RAW DATA
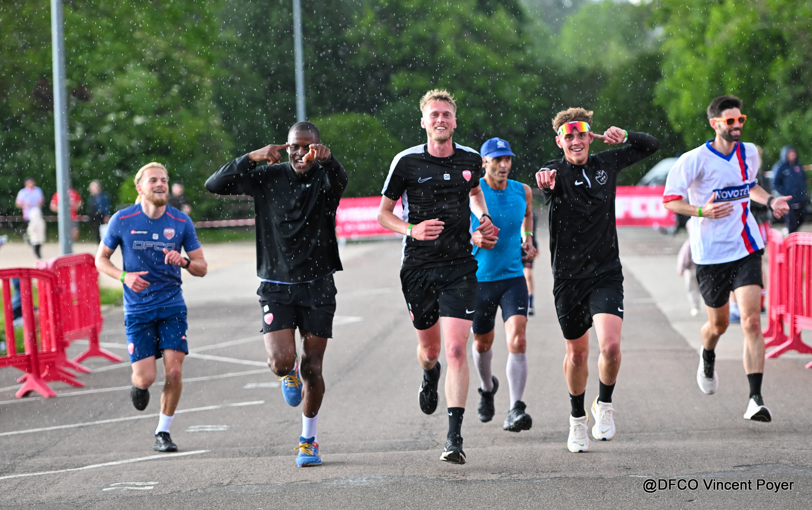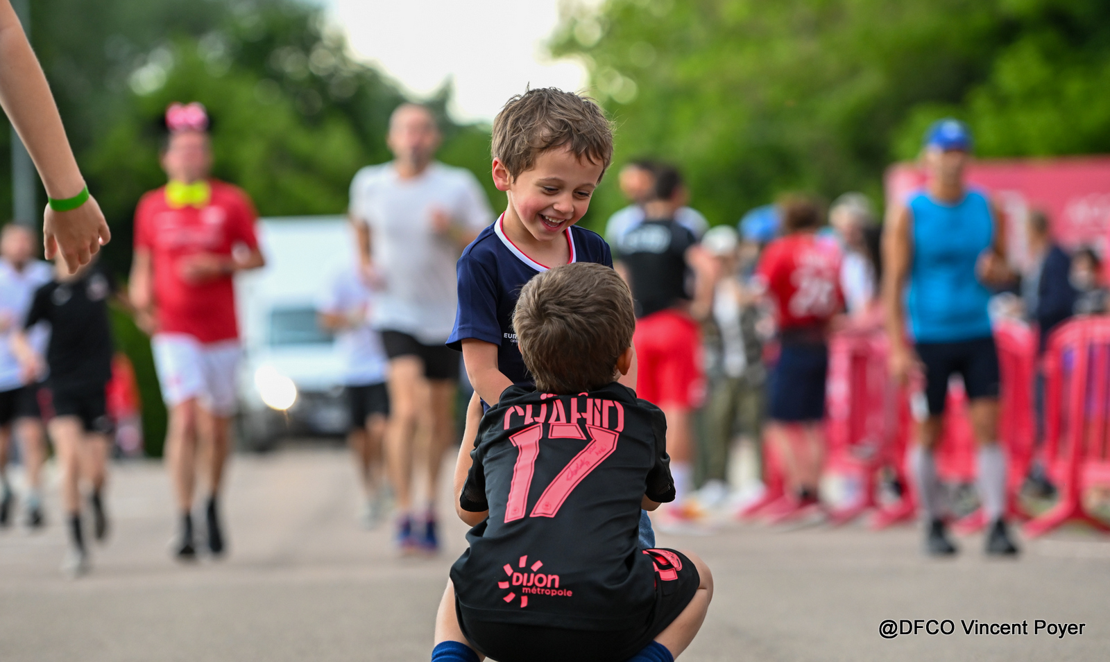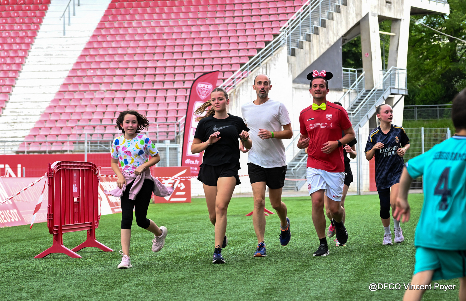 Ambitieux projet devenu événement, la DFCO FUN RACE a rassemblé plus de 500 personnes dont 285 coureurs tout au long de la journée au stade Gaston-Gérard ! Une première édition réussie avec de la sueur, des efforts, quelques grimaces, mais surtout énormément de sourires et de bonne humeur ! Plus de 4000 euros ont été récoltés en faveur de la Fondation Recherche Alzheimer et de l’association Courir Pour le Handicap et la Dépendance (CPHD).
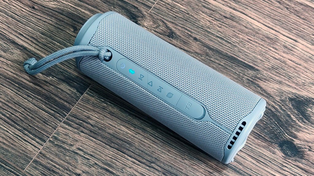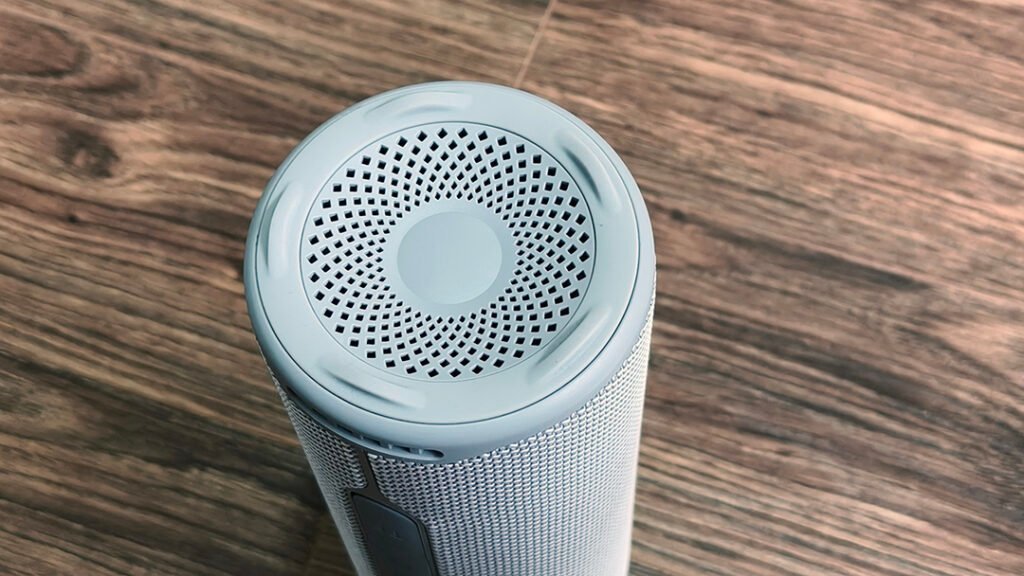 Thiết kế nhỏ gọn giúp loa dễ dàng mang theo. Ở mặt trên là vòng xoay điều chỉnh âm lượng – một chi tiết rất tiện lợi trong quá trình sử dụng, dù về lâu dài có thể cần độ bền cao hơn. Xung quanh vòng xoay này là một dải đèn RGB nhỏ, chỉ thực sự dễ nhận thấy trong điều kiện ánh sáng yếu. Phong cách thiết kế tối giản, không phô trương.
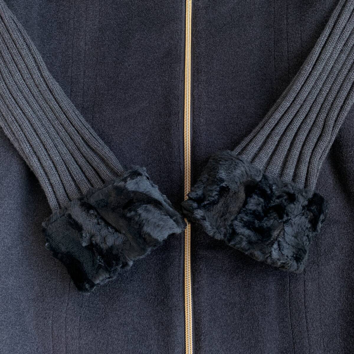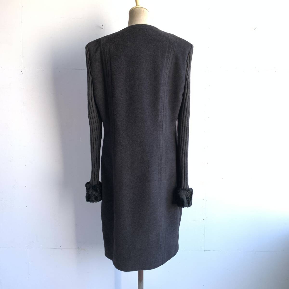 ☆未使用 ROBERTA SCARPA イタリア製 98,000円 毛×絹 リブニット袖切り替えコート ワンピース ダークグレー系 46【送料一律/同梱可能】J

WHAT YOU SHOULD DO
Pictures are to be left out; repeat all the remaining data exactly.

OUTPUT FOR THIS EXERCISE
 Ambitieux projet devenu événement, la DFCO FUN RACE a rassemblé plus de 500 personnes dont 285 coureurs tout au long de la journée au stade Gaston-Gérard ! Une première édition réussie avec de la sueur, des efforts, quelques grimaces, mais surtout énormément de sourires et de bonne humeur ! Plus de 4000 euros ont été récoltés en faveur de la Fondation Recherche Alzheimer et de l’association Courir Pour le Handicap et la Dépendance (CPHD).
 Thiết kế nhỏ gọn giúp loa dễ dàng mang theo. Ở mặt trên là vòng xoay điều chỉnh âm lượng – một chi tiết rất tiện lợi trong quá trình sử dụng, dù về lâu dài có thể cần độ bền cao hơn. Xung quanh vòng xoay này là một dải đèn RGB nhỏ, chỉ thực sự dễ nhận thấy trong điều kiện ánh sáng yếu. Phong cách thiết kế tối giản, không phô trương.
 ☆未使用 ROBERTA SCARPA イタリア製 98,000円 毛×絹 リブニット袖切り替えコート ワンピース ダークグレー系 46【送料一律/同梱可能】J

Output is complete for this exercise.